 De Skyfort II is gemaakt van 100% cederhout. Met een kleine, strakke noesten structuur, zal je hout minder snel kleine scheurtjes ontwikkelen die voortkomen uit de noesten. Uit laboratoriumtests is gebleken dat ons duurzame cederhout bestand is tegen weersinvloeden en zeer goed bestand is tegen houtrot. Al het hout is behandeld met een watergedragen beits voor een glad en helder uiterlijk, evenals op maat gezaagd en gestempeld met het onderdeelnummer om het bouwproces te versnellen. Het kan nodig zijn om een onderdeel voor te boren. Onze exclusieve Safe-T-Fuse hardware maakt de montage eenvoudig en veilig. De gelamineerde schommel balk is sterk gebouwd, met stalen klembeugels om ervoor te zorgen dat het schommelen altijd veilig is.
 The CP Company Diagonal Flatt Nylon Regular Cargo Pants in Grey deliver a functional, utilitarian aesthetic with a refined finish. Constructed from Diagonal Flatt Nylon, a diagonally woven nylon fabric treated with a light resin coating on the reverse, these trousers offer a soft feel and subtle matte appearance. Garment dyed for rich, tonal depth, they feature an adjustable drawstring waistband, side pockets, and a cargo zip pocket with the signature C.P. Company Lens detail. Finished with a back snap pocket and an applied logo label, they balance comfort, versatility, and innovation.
--
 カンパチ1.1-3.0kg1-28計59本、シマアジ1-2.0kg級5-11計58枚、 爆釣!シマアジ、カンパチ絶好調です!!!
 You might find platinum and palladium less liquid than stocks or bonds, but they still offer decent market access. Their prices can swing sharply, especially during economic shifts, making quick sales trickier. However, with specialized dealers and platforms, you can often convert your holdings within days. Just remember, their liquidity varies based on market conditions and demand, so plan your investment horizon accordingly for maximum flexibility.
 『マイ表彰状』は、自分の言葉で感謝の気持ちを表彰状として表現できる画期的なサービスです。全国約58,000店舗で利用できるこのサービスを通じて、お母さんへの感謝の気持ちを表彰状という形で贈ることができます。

WHAT IS NEEDED: Give the count of lines in the data that contain the word "with", and write nothing besides it.

WRITTEN ANSWER: 2